An alternative implementation strategy is to decompose the table into
columns and, instead of using intelligent operations that dispatch
on data types, to work with intelligent data objects that dispatch
on operation names. We can do this by arranging things so that a data
object, such as a rectangular number, is represented as a
function
that takes as input the required operation name and performs the
operation indicated. In such a discipline,
make_from_real_imag
could be written as
function make_from_real_imag(x,y) {
function dispatch(op) {
if (op === "real_part")
return x;
else if (op === "imag_part")
return y;
else if (op === "magnitude")
return sqrt(square(x) + square(y));
else if (op === "angle")
return atan(y,x);
else
return error("Unknown op -- make_from_real_imag",op);
}
return dispatch;
}
The corresponding
apply_generic
function, which applies a
generic operation to an argument, now simply feeds the operations
name to the data object and lets the object do the work:
6
function apply_generic(op,arg) {
return head(arg)(op);
}
Note that the value returned by
make_from_real_imag is a
function—the internal
dispatch
function. This is the
function
that is invoked when
apply_generic requests an operation to
be performed.
This style of programming is called
message passing.
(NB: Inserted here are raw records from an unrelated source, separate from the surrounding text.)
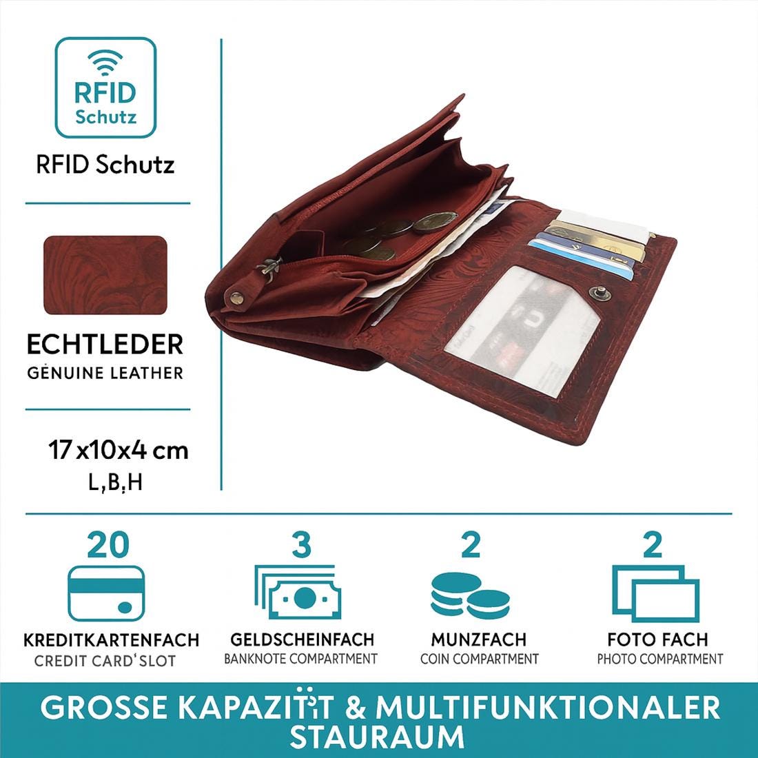 🌻 100% genuine buffalo leather, protective exterior embossed with antique style floral print, durable and water-repellent.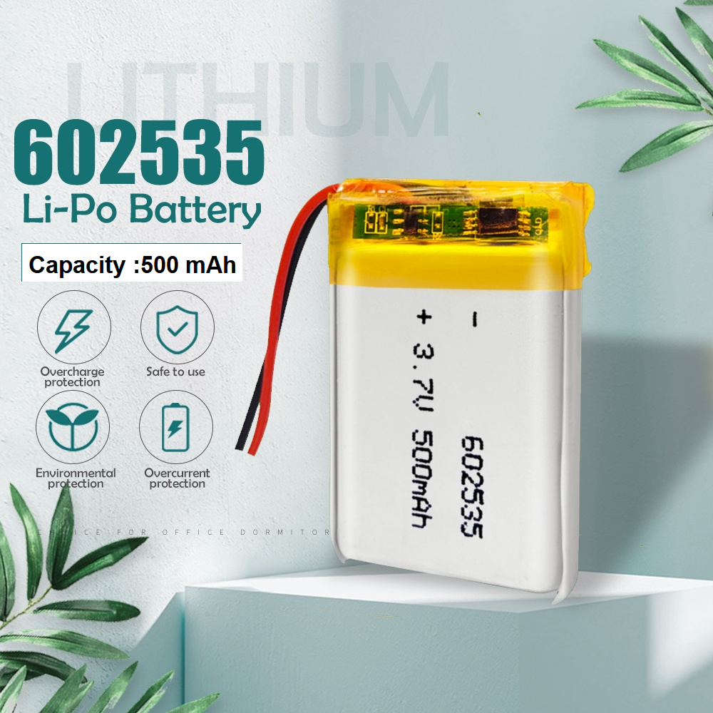 3.7V 500mAh Lithium Polymer lipo Rechargeable Battery 602535 with JST 2pin connector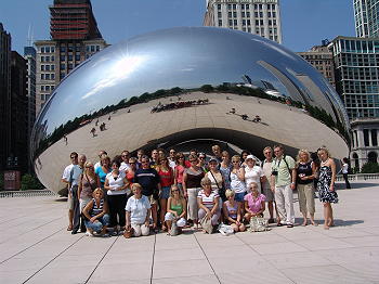 Uczniowie ze szkoły działającej pod patronatem sądeckiej WSB-NLU mieli okazję odwiedzić siedzibę amerykańskiego partnera - National Louis University przy Michigan Avenue w Chicago. Sporo wzruszeń dostarczyło spotkanie z sądeczanami zamieszkałymi od wielu lat w Wietrznym Mieście, zorganizowane przez przewodniczącego oddziału Klubu Przyjaciół Ziemi Sądeckiej Jana Oleksego, któremu wręczono okolicznościowe adresy z podziękowaniem za podtrzymywanie kontaktów z rodzinnym gniazdem nad Dunajcem i Kamienicą od prezydenta Nowego Sącza Ryszarda Nowaka i wicemarszałka Małopolski Leszka Zegzdy.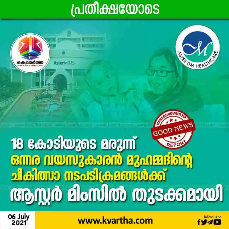 Keywords: 18 crore drug, one and a half year old Mohammad's medical procedures started at Aster Mims, Kozhikode,News,Health,Health and Fitness,Hospital,Treatment,Kerala.

The name
comes from the image that a data object is an entity that receives the
requested operation name as a message. We have already seen an
example of message passing in section
2.1.3, where we saw
how
pair,
head, and
tail could be defined with no data
objects but only
functions. Here we see that message passing is not
a mathematical trick but a useful technique for organizing systems
with generic operations. In the remainder of this chapter we will
continue to use data-directed programming, rather than message
passing, to discuss generic arithmetic operations. In chapter 3 we
will return to message passing, and we will see that it can be a
powerful tool for structuring simulation programs.
Exercise 2.78.
Implement the constructor make-from-mag-ang in message-passing style.
This
function
should be analogous to the make_from_real_imag
function
given above.
Exercise 2.79.
As a large system with generic operations evolves, new types of data
objects or new operations may be needed. For each of the three
strategies—generic operations with explicit dispatch, data-directed
style, and message-passing-style—describe the changes that must be
made to a system in order to add new types or new operations. Which
organization would be most appropriate for a system in which new types
must often be added? Which would be most appropriate for a system in
which new operations must often be added?